EXERCISE PROMPT: Leaving the pictures out, print the lines from the first line of the listing through the line containing "국민의힘 오세훈 서울시장", exactly as they read, and no others.

INFORMATION SUPPLIED:
——

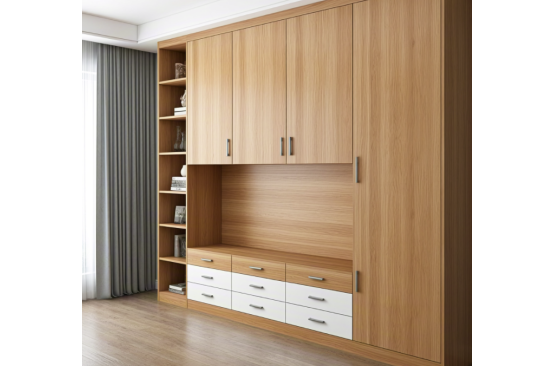 采用生态板定制柜体时,建议采用"三明治"结构设计:表层选用1.2mm厚耐磨装饰纸,芯层采用杨木与松木混合芯材,背板使用5mm厚同材质薄板。这种结构使柜体抗弯强度提升40%,同时通过板材间的物理咬合减少胶粘剂使用量。
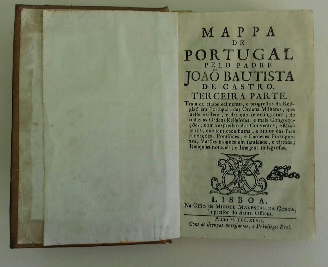 Excelente obra do padre João Bautista de Castro. Aborda nesta obra o estabelecimento e progressos da religião em Portugal; Ordens Militares;…. Capas em couro e a lombada ostenta belos ferros a ouro com reservas florais. Tem 446 páginas em bom estado de conservação. Medidas de 15 x 10,5 x 3 cm.
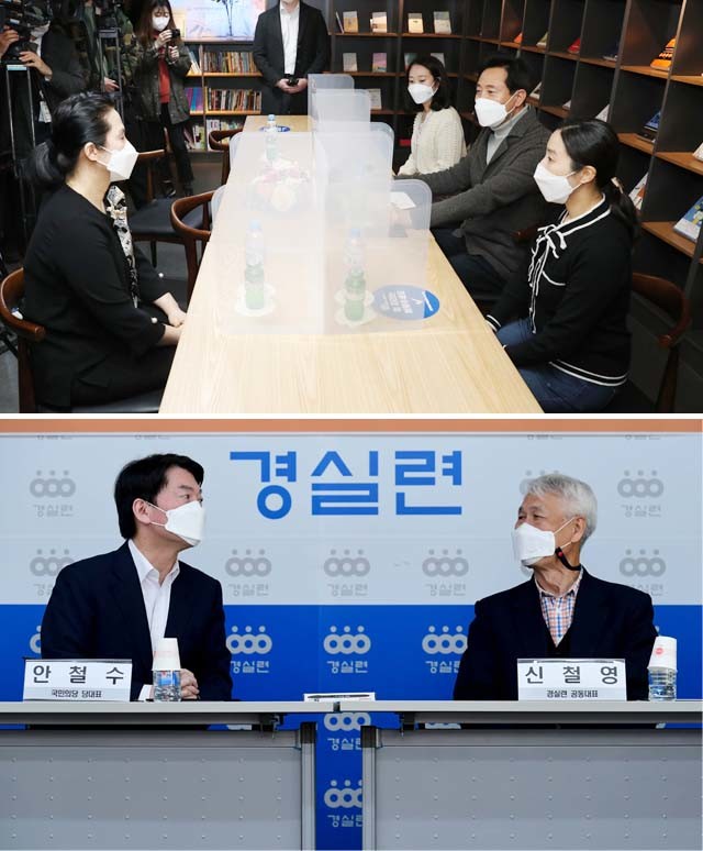 국민의힘 오세훈 서울시장 후보가 22일 오후 서울 서초구 서초4동 주민센터에서 공유어린이집 관계자와 간담회를 하고 있다. 국민의당 안철수 서울시장 후보(왼쪽)와 신철영 경제정의실천시민연합 공동대표가 22일 서울 종로구 경실련에서 열린 ‘국민의당-경실련 정책협약식’에서 대화하고 있다.
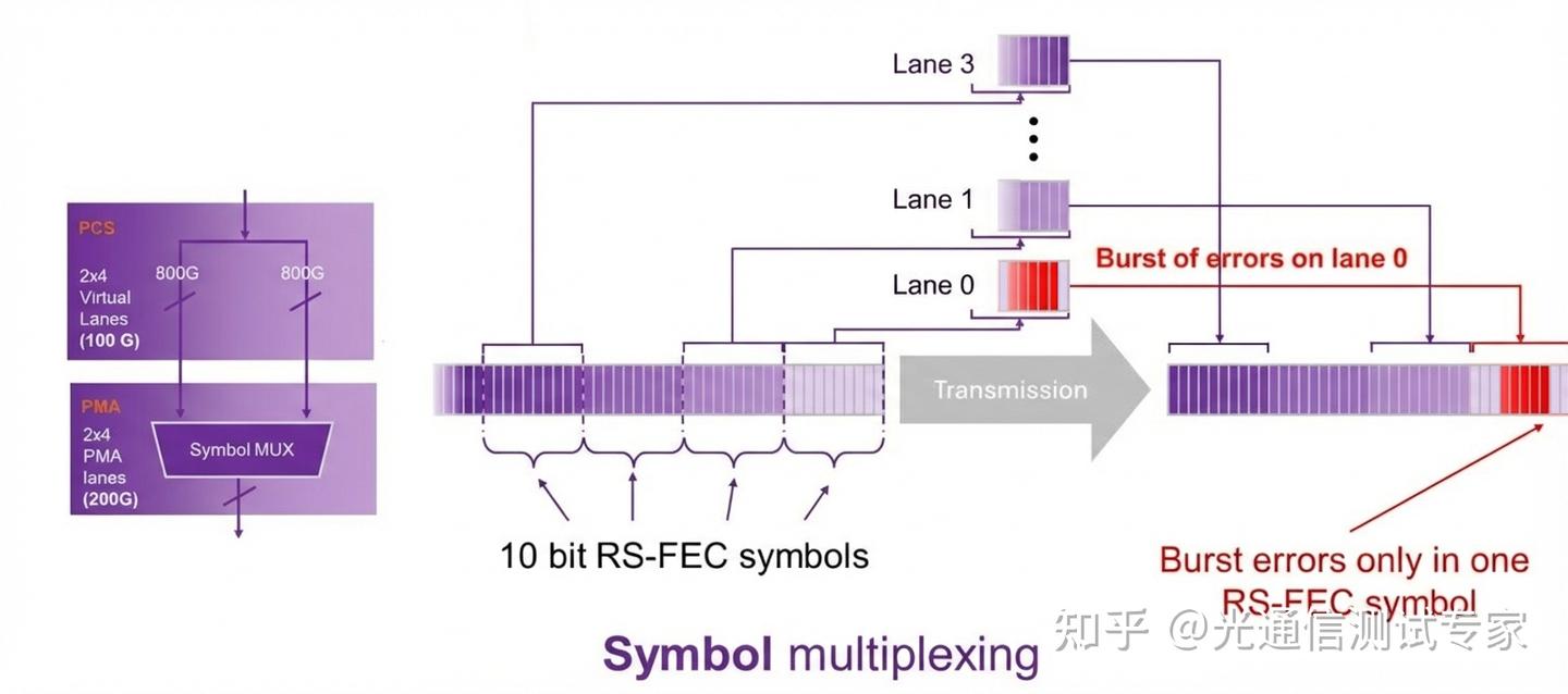 抑制錯誤擴散:在傳統(tǒng)的“位復用”模式下,單一物理通道上的一個長突發(fā)錯誤會被分散到多個FEC符號周期中。由于RS-FEC每條碼字最多只能糾正15個符號錯誤,這種錯誤的擴散極易導致碼字不可糾正,從而引發(fā)鏈路失效。錯誤遏制(Error Containment):符號復用確保來自單一物理通道的突發(fā)錯誤被限制在盡可能少的FEC符號周期內(nèi)(理想情況下僅為一個符號)。這種“將雞蛋放在一個籃子里”的策略,反而保護了整個FEC碼字的完整性,顯著提高了糾錯成功率。

——

YOUR RESPONSE:
 采用生态板定制柜体时,建议采用"三明治"结构设计:表层选用1.2mm厚耐磨装饰纸,芯层采用杨木与松木混合芯材,背板使用5mm厚同材质薄板。这种结构使柜体抗弯强度提升40%,同时通过板材间的物理咬合减少胶粘剂使用量。
 Excelente obra do padre João Bautista de Castro. Aborda nesta obra o estabelecimento e progressos da religião em Portugal; Ordens Militares;…. Capas em couro e a lombada ostenta belos ferros a ouro com reservas florais. Tem 446 páginas em bom estado de conservação. Medidas de 15 x 10,5 x 3 cm.
 국민의힘 오세훈 서울시장 후보가 22일 오후 서울 서초구 서초4동 주민센터에서 공유어린이집 관계자와 간담회를 하고 있다. 국민의당 안철수 서울시장 후보(왼쪽)와 신철영 경제정의실천시민연합 공동대표가 22일 서울 종로구 경실련에서 열린 ‘국민의당-경실련 정책협약식’에서 대화하고 있다.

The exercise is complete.